Oggettivare. Satura di realtà l'idea della non familiarità, la trasforma nella vera e propria essenza
della realtà. Percepita in un rpimo momento – questa idea – in un universo remoto, puramente
intellettuale, essa appare davanti ai nostri occhi poi fisica ed accessibile. D'altro canto la
materalizzazione di un'astrazione è una delle caratteristiche più misteriose del pensiero e del
linguaggio. Si divide più o meno in due fasi principali:
Una prima fase durante la quale si scopre la qualità iconica di un'idea, noi dobbiamo solo
comparare Dio ad un padre, e ciò che era invisibile divene istantaneamente visibile alle nostre menti
come una persona alla quale possiamo obbedire come tale; dal momento che le parole non parlano
di niente, siamo costretti a legarle a quacolsa, a trovare per loro equivalenti non verbali; tuttavia non
tutte le parole sono riconducibili a immagini, piuttosto per alcune di esse troveremo un nucleo
figurativo, ovvero un complesso di immagini che riproduce visibilmente un complesso di idee. (Ad
esempio il modello della psiche – ereditato dalla psicanalisi – è diviso in due, l'inconscio e il
conscio, e che richiamano alla mente dualità molto più comuni, come involontario-volontario,
anima-mente, interno-esterno...
Una seconda fase durante la quale l'immagine è totalmente assimilata e ciò che è percepito prende
il posto di ciò che è concepito. Se le immagini esistono, se esse sono essenziali per la
comunicazione e la comprensione sociale, ciò è perché esse sono, e non possono rimanere, senza
realtà.
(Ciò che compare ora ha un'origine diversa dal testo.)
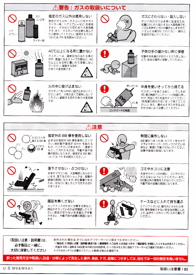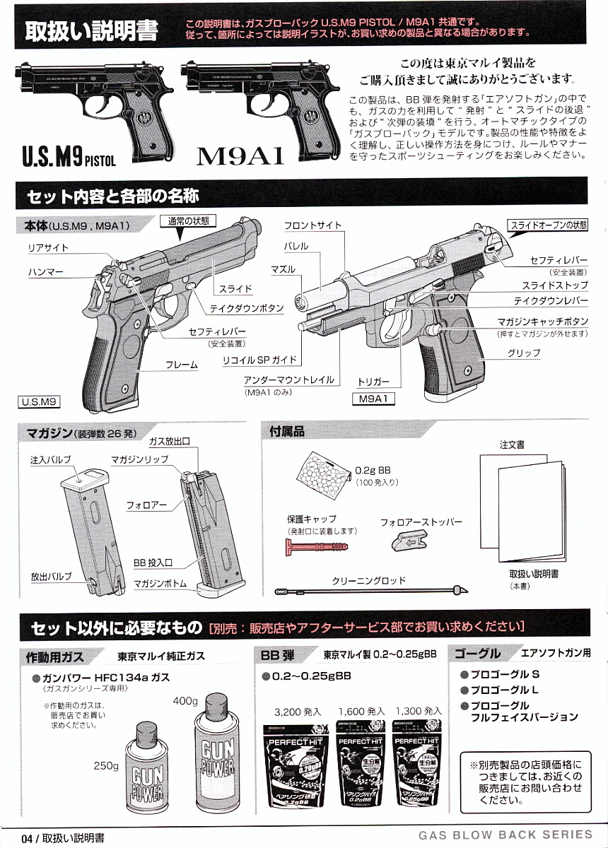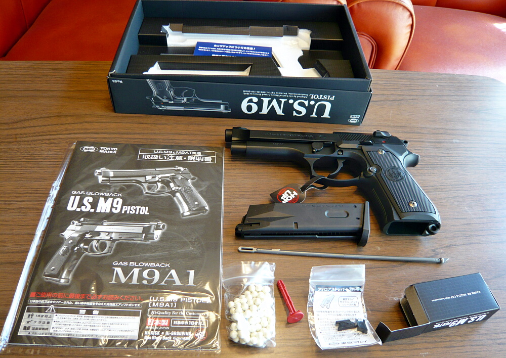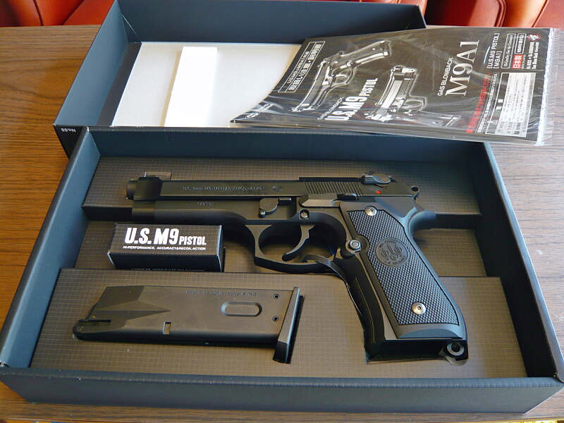 外箱。最近のトイガンではベレッタM92FSじゃなくM9の方が多いのは、まあ大人の事情。昔と違い今は遠い果ての地でこっそり売るにしても、本家銃器メーカー様にバレちゃうのですね。でもうるさいのはコマーシャルモデルで、軍用モデルはあまりうるさくはないのでM92FSの軍用モデルであるM9。

Dal momento che esse devono avere una realtà – in primis, per scopi meramente
comunicativi – noi ne troviamo una per loro, e non importa quale.
In questi processi un ruolo importare lo assume la memoria. Le esperienze e i ricordi non sono né
inerti né morti: essi sono dinamici e immortali. Ancoraggio e oggettivazione sono modi di
manipolare la memoria: il primo la mantiene in moto, continuamente immette e toglie oggetti,
persone ed eventi, che classifica secondo il tipo e che etichetta con un nome; il secondo processo
(oggettivazione) invece trae da essa concetti ed immagini per mescolarli e riprodurli nel mondo
esterno, per decifrare attraverso ciò che è già noto le cose che bisogna conoscere.